> [Collected data entries]

..........

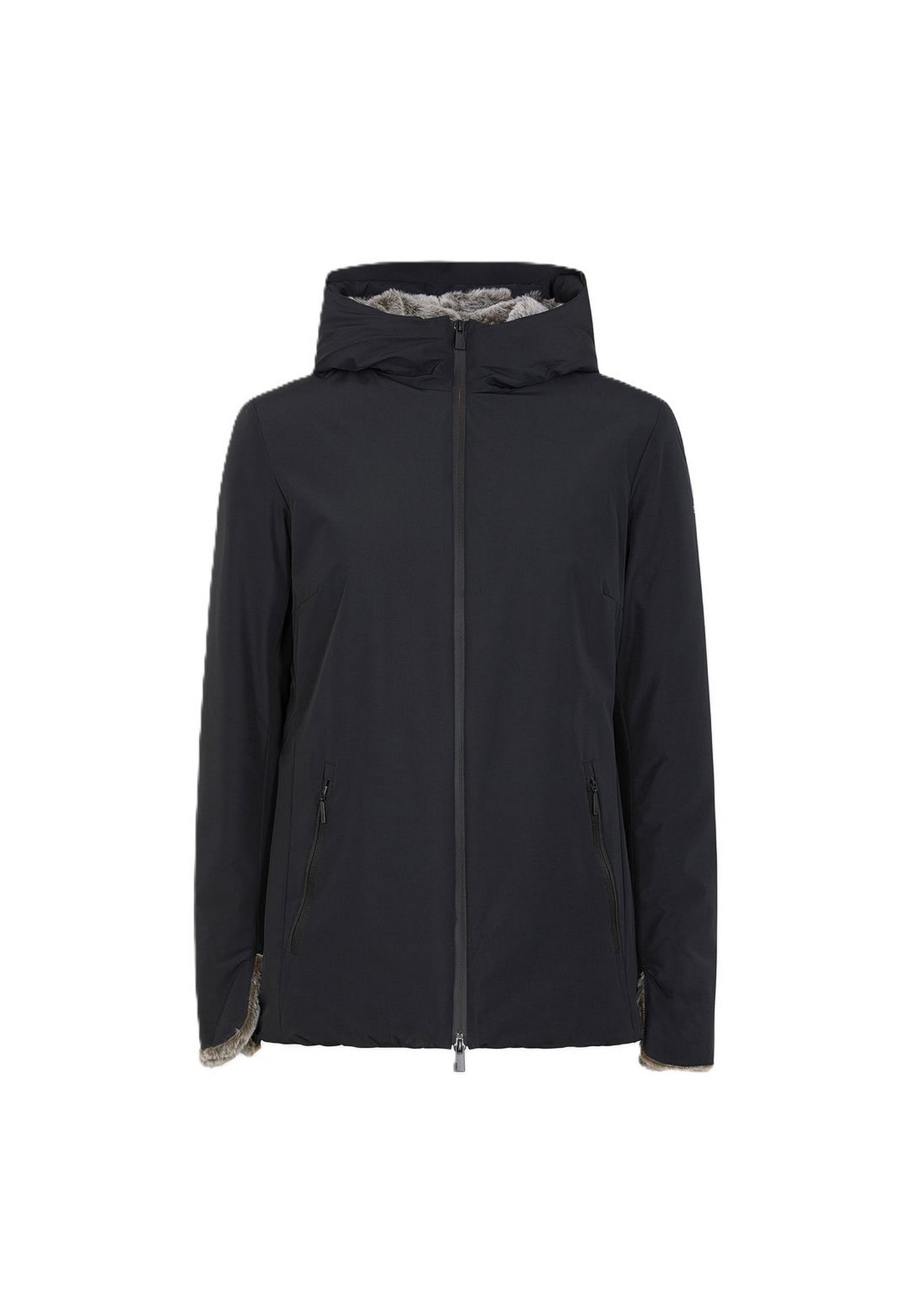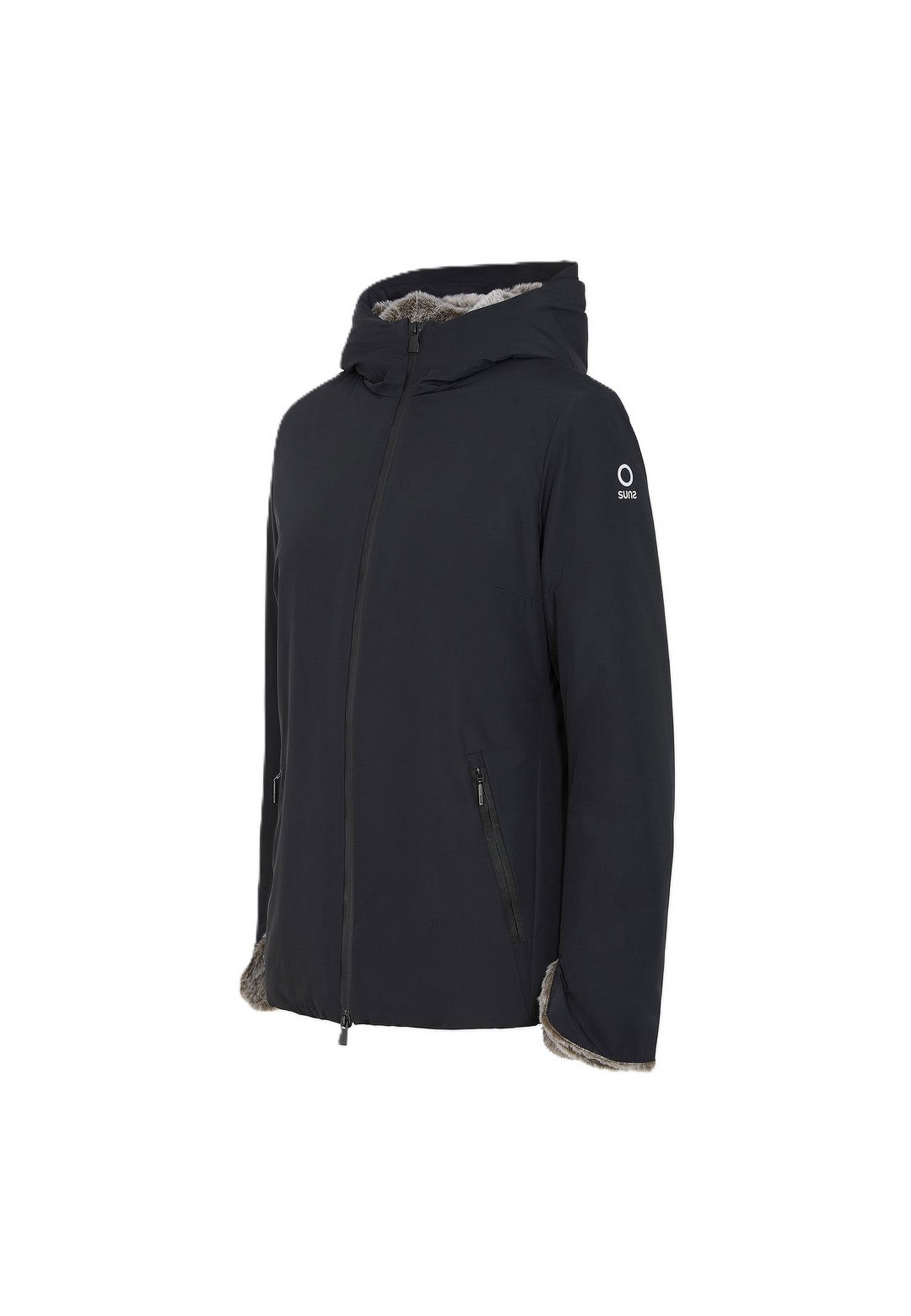 All’interno, l’eco pelliccia calda assicura un elevato livello di protezione dal freddo, rendendo il giubbotto ideale per le giornate più rigide. Le tasche laterali con zip completano il design aggiungendo un tocco pratico senza comprometterne la linea pulita.
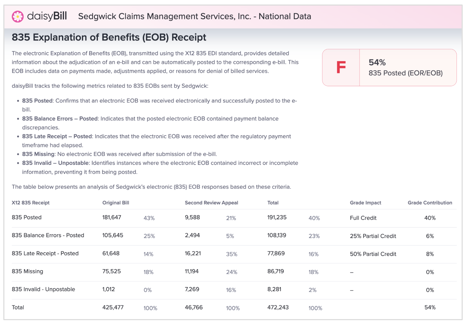 Over the past 365 days, daisyBill's data shows that only 40% of Sedgwick's e-EOR responses earned full credit (meaning they were received electronically, posted successfully, and arrived on time). The other 60% broke down as follows:
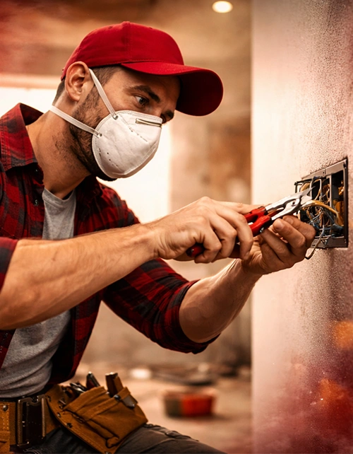 Outlet/receptacle replacement (GFCI, Duplex, Appliance), Switch/toggle replacement (Single-pole, Three & Four way, Dimmer), Surface/track open and closed wall wiring, Light fixture replacement (Surface, Ceiling, Recess, Cabinet), Light bulb replacement (Led, Fluorescent, Quartz halogen), Appliance installation, Baseboard heating and thermostat, Smoke detector & Carbon monoxide installation, Low voltage (Thermostat, Yard lighting, Door bell)
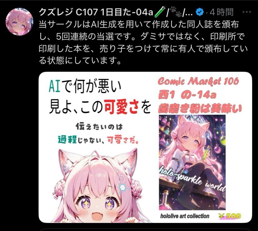 返信先:@comiketofficial生成AIユーザーは出禁にしろ 特にこいつを今からでも出禁にしろ #NOMORE無断生成AI #CreateDontScrape pic.x.com/SVrwWuPzE3
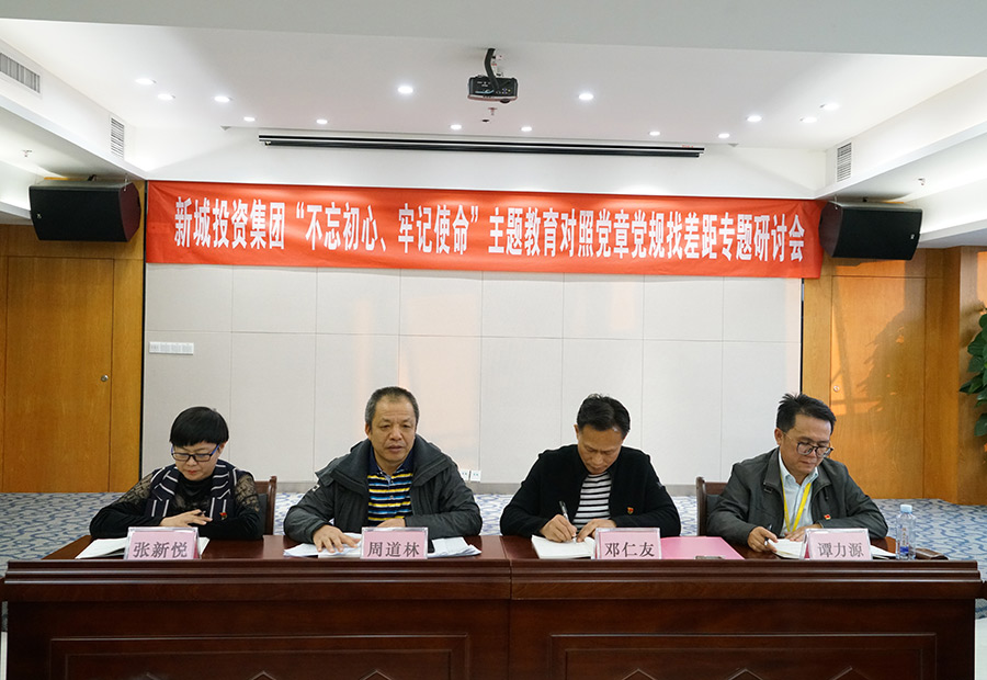 11月11日,新城投資集團(tuán)黨支部召開“不忘初心、牢記使命”主題教育暨對(duì)照黨章黨規(guī)找差距專題研討會(huì)。集團(tuán)黨支部書記、董事長(zhǎng)周道林主持會(huì)議。
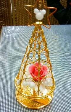 ミッキー茨城県筑西市のお花の教室 ミッキーのツリーをプリザーブドフラワーで飾りましたこのツリーは持参してくださいました。とっても可愛らしく仕上がりました。当スクールは器や花材持込でのレッスンも行っております。お気軽にご相談下さい。
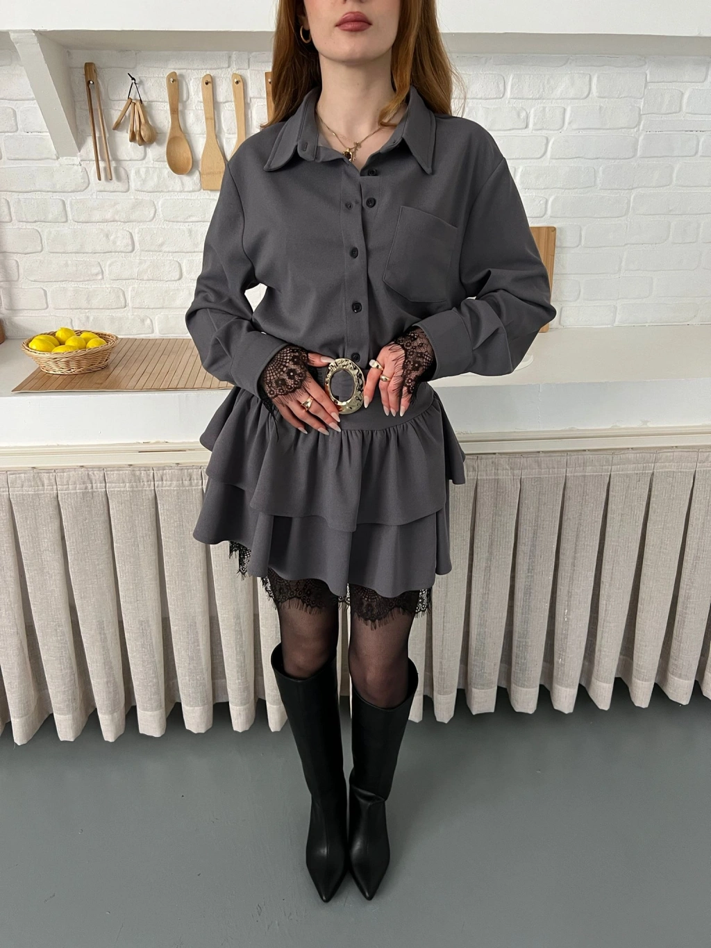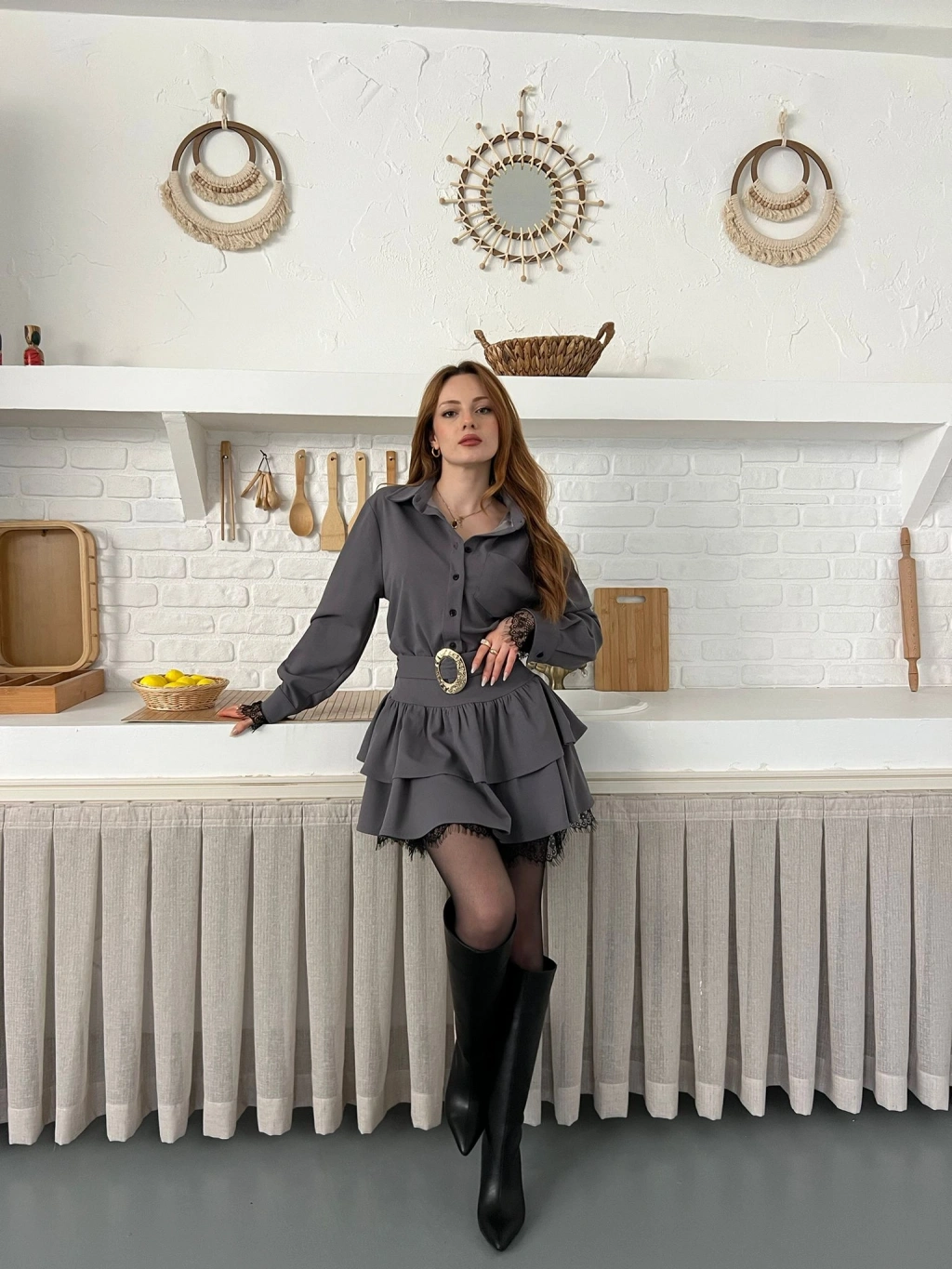 Dantel Detaylı Kemerli Mini Elbise Gri

..........

> [Task details] The entries above need to be repeated in full, word for word. Skip the images.

> [Answer box]
 All’interno, l’eco pelliccia calda assicura un elevato livello di protezione dal freddo, rendendo il giubbotto ideale per le giornate più rigide. Le tasche laterali con zip completano il design aggiungendo un tocco pratico senza comprometterne la linea pulita.
 Over the past 365 days, daisyBill's data shows that only 40% of Sedgwick's e-EOR responses earned full credit (meaning they were received electronically, posted successfully, and arrived on time). The other 60% broke down as follows:
 Outlet/receptacle replacement (GFCI, Duplex, Appliance), Switch/toggle replacement (Single-pole, Three & Four way, Dimmer), Surface/track open and closed wall wiring, Light fixture replacement (Surface, Ceiling, Recess, Cabinet), Light bulb replacement (Led, Fluorescent, Quartz halogen), Appliance installation, Baseboard heating and thermostat, Smoke detector & Carbon monoxide installation, Low voltage (Thermostat, Yard lighting, Door bell)
 返信先:@comiketofficial生成AIユーザーは出禁にしろ 特にこいつを今からでも出禁にしろ #NOMORE無断生成AI #CreateDontScrape pic.x.com/SVrwWuPzE3
 11月11日,新城投資集團(tuán)黨支部召開“不忘初心、牢記使命”主題教育暨對(duì)照黨章黨規(guī)找差距專題研討會(huì)。集團(tuán)黨支部書記、董事長(zhǎng)周道林主持會(huì)議。
 ミッキー茨城県筑西市のお花の教室 ミッキーのツリーをプリザーブドフラワーで飾りましたこのツリーは持参してくださいました。とっても可愛らしく仕上がりました。当スクールは器や花材持込でのレッスンも行っております。お気軽にご相談下さい。
 Dantel Detaylı Kemerli Mini Elbise Gri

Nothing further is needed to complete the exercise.